WHAT YOU HAVE TO DO.
An exact reproduction of the data below is expected, free of images.

DATASET.

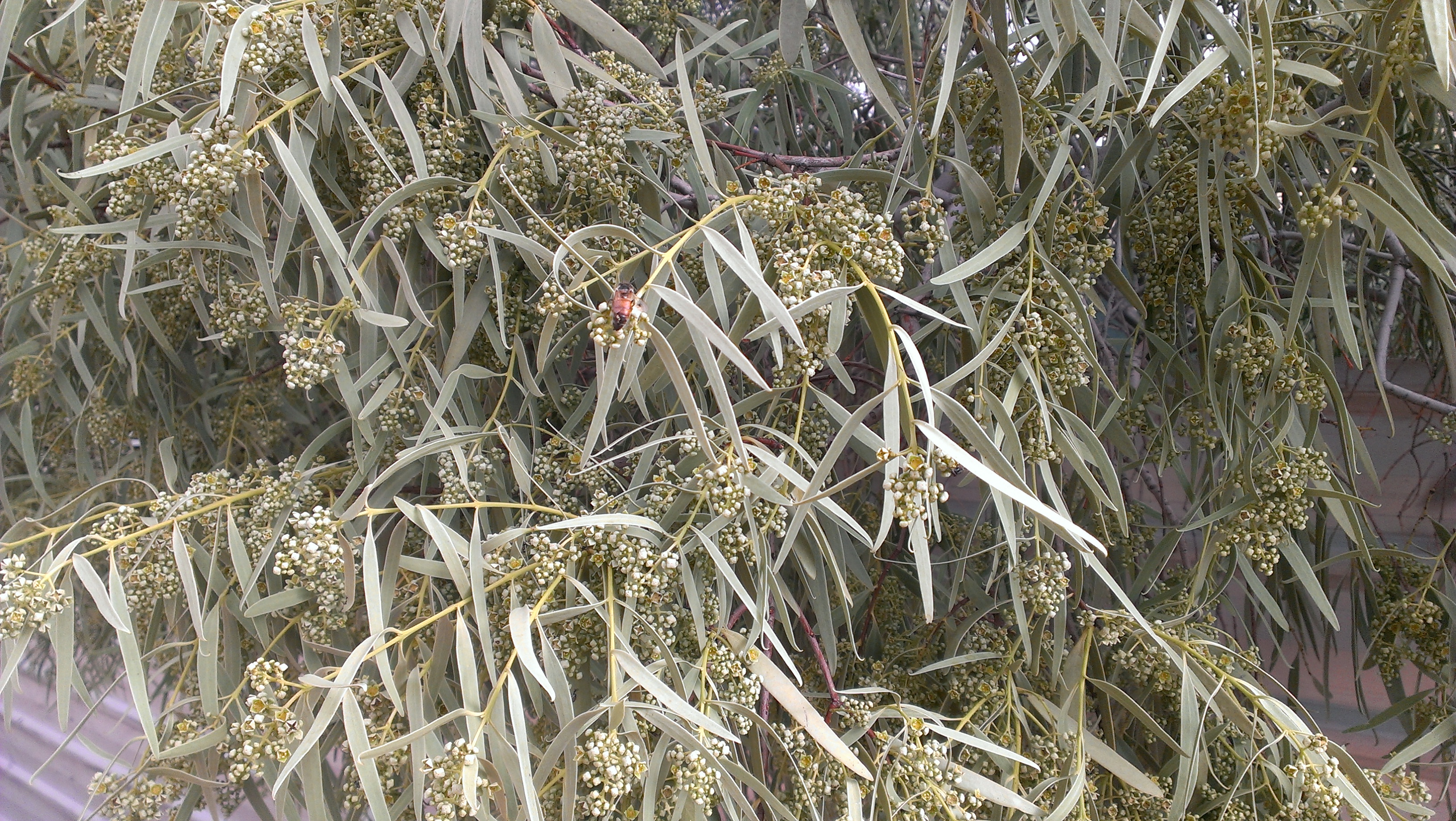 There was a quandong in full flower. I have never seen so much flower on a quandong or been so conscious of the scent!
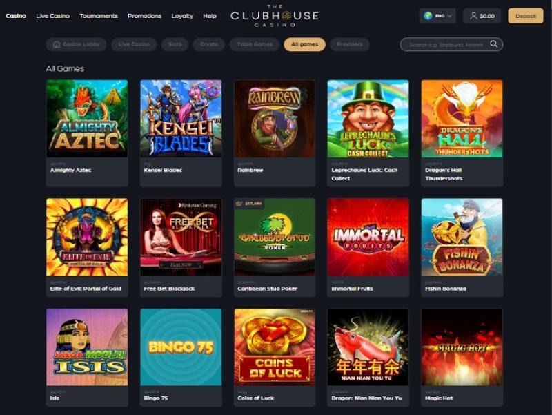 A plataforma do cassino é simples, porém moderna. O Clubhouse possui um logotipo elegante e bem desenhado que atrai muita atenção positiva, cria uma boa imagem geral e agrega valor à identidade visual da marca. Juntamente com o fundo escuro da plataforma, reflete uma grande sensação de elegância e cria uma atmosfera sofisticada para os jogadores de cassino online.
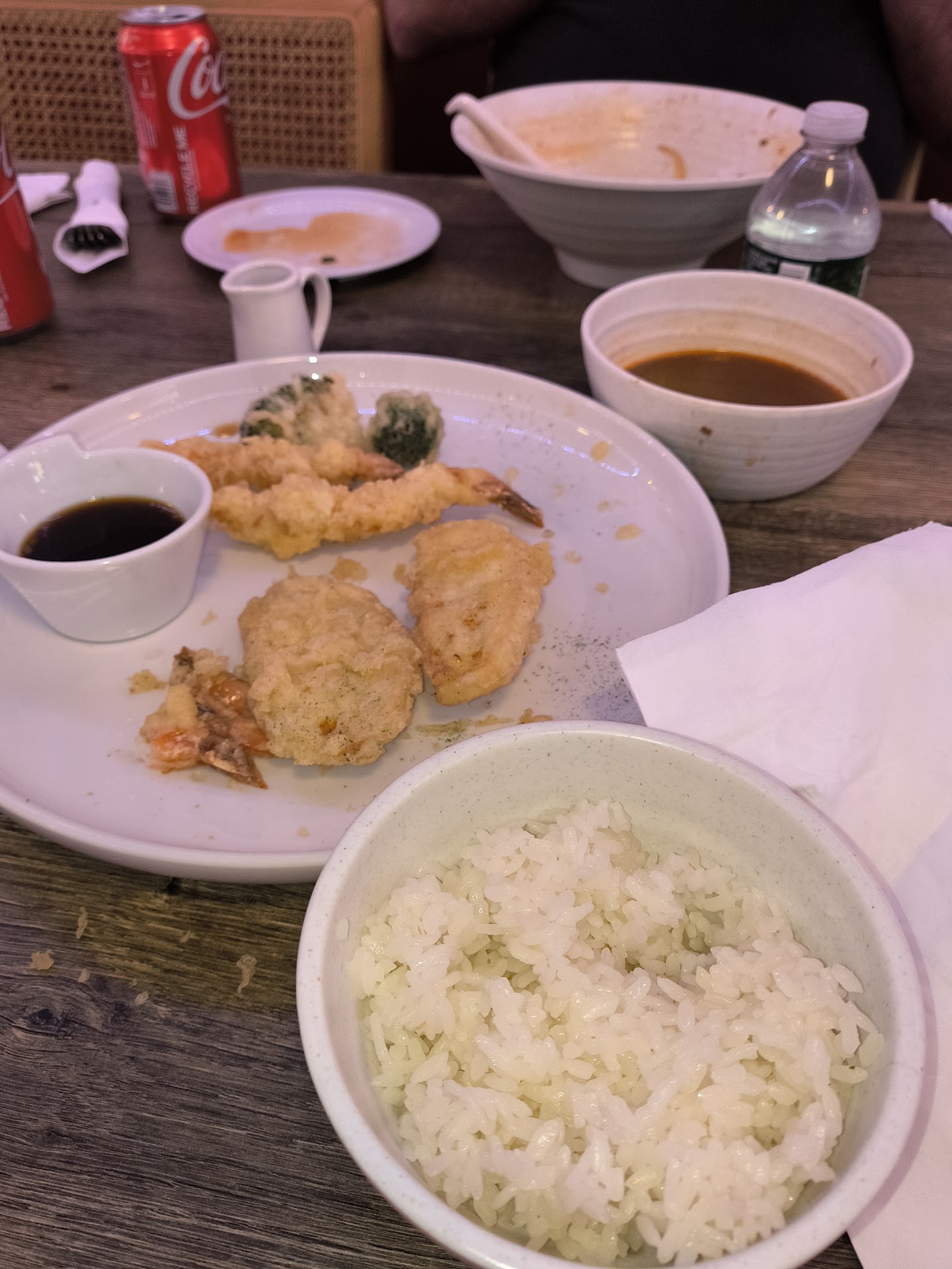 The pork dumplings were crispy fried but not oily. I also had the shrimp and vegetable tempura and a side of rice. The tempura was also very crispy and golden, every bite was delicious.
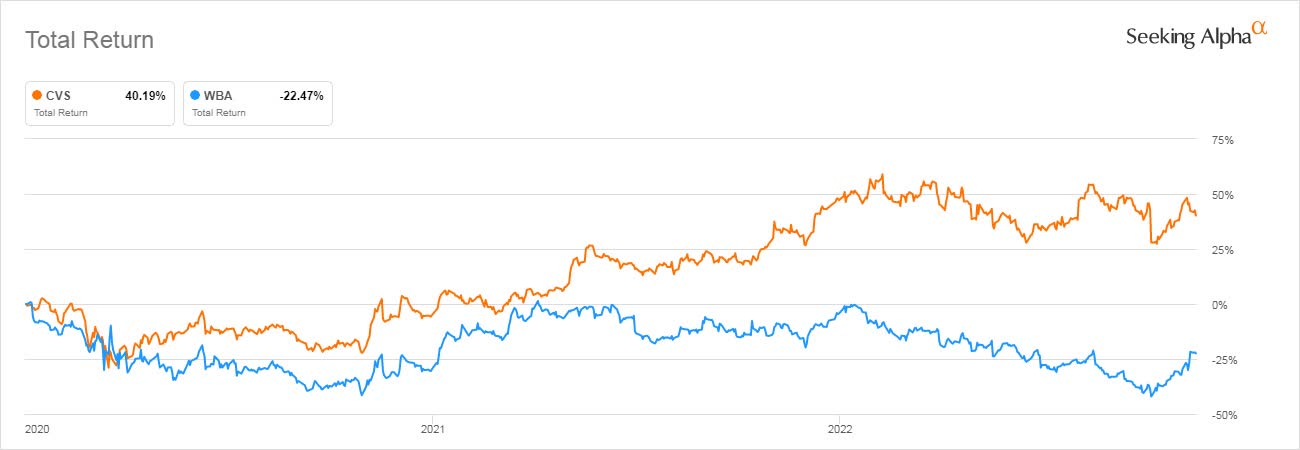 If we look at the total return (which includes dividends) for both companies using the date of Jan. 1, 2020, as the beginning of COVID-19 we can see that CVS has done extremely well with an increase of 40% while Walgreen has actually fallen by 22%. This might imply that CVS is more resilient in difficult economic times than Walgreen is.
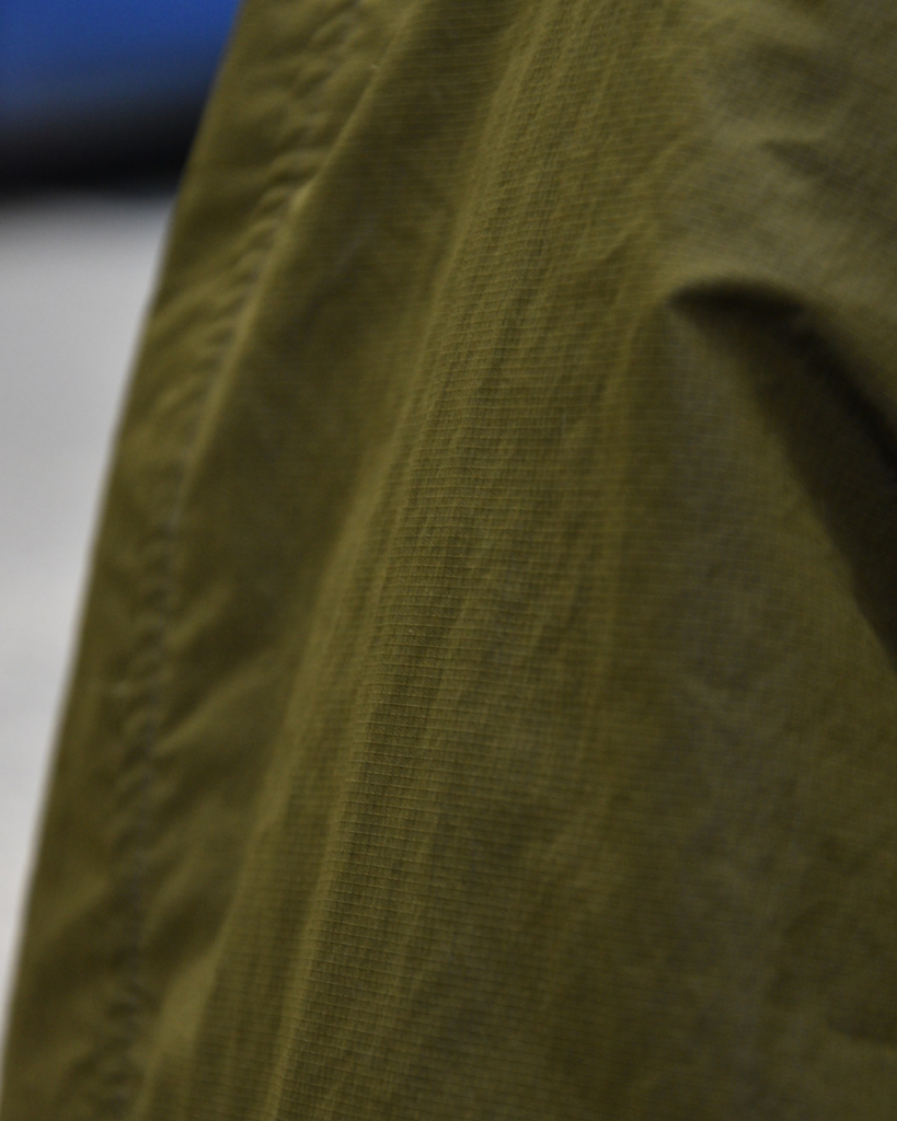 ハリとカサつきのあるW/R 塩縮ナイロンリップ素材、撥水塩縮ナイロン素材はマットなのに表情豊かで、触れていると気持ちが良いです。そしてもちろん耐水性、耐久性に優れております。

RESPONSE TO THIS EXERCISE.
 There was a quandong in full flower. I have never seen so much flower on a quandong or been so conscious of the scent!
 A plataforma do cassino é simples, porém moderna. O Clubhouse possui um logotipo elegante e bem desenhado que atrai muita atenção positiva, cria uma boa imagem geral e agrega valor à identidade visual da marca. Juntamente com o fundo escuro da plataforma, reflete uma grande sensação de elegância e cria uma atmosfera sofisticada para os jogadores de cassino online.
 The pork dumplings were crispy fried but not oily. I also had the shrimp and vegetable tempura and a side of rice. The tempura was also very crispy and golden, every bite was delicious.
 If we look at the total return (which includes dividends) for both companies using the date of Jan. 1, 2020, as the beginning of COVID-19 we can see that CVS has done extremely well with an increase of 40% while Walgreen has actually fallen by 22%. This might imply that CVS is more resilient in difficult economic times than Walgreen is.
 ハリとカサつきのあるW/R 塩縮ナイロンリップ素材、撥水塩縮ナイロン素材はマットなのに表情豊かで、触れていると気持ちが良いです。そしてもちろん耐水性、耐久性に優れております。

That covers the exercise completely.